Sunshine welcomes outdoor events
Earth Day finally got its due Saturday in Lawrence, and this time Mother Nature couldn’t have been more cooperative.
Delayed a week because of bad weather, this year’s Earth Day parade featured more than two dozen entries celebrating the environment and urging its protection.
Among those entries was a large palm tree made of paper that was pulled along the Massachusetts Street parade route by Anna McCoy, 53, lead teacher and program director at Montessori Children’s House. McCoy said she made the tree because youngsters at the Children’s House had been studying the rain forest.
McCoy also said she hoped Earth Day celebrations were bringing more attention to the importance of protecting nature.
“I think the more attention we get the more people we’ll draw, and that always leads to more education,” she said.
In the afternoon, dozens of people gathered in South Park to listen to music and pick up brochures about environmental matters.
The Earth Day celebration was only one of many events Saturday in the Lawrence area.

Members of Girl Scout Troop 630, clad in decorated lawn bags, walk down Seventh Street between Massachussets and New Hampshire streets as part of the Earth Day parade rescheduled from last week. The Deerfield third-grade troop was among about 100 participants in Saturday morning's parade.
At Clinton Lake, Army ROTC members from more than 20 universities throughout the Midwest competed in this year’s Kansas University Best Ranger Buddy Team Competition. Teams of two took part in timed contests such as stripping and reassembling weapons, a vertical wall climb and navigating through a grenade assault course.

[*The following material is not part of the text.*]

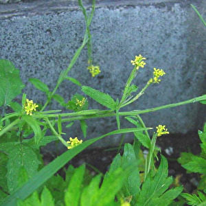 | 特徴 | アブラナ科では珍しい果実の付き方の注目! ヨーロッパ原産の帰化植物。黄色い花は小さく細長い果実も茎にぴったり沿って寝ているため目立たない。都会や住宅地の道端などでよく見られる。茎の下部にある葉は羽状の深い切れ込みがあり、上部の葉はT字形をしているのが特徴。 |

Joe Buck, 21, and Jamie Stein, 19, both ROTC members from Western Illinois University in Macomb, Ill., took a breather while waiting their turn to climb the nearly 30 foot vertical wall.
The worst part of the day, they said, was carrying 40 pounds of gear during the six-mile hike to the lake along the South Lawrence Trafficway. The most enjoyable, they said, would be the grenade toss later in the day. The grenades don’t explode, but sound like a cap gun going off, ROTC leaders said.
“You get tired and it gets harder as you go through the day,” Buck said.
“It looks easy but you get up there and you have the anxiety and the blood starts pumping and you have to calm yourself down,” Stein said of the competition.
Back downtown, about 100 people participated in the five kilometer AIDS Walk fund-raiser sponsored by the Douglas County AIDS Project. The walk took a route through downtown, East Lawrence and Old West Lawrence. Participants pledged at least $35.
“A lot of people walk because they know someone who has AIDS or someone who has died,” said Lauren Yoshinobu Bushkirk, walk chairwoman and DCAP board member.

KU students Annie Himmelreich, left, a Halifax, Pa., freshman, and Sarah Colteryahn, a Stillwell senior, lead the Queers and Allies parade on Massachusetts Street. Saturday's second downtown parade drew about 50 people, gaining additional followers before its end.
Shortly after the Earth Day Parade, Kansas University’s Queers and Allies student group sponsored a downtown parade in which about 40 people marched for gay rights and recognition.
In McLouth people gathered for the fifth annual Patriots Day parade to honor local military veterans and those who died in the Sept. 11, 2001, terrorist attacks. About 25 veterans rode in the parade, said Cliff Weeks, parade co-chairman.
The parade also featured several Jefferson County fire trucks and the playing of “Amazing Grace” on bagpipes.
“I tell you, it brings a tear to your eye,” Weeks said. “This is just good old small town patriotism.”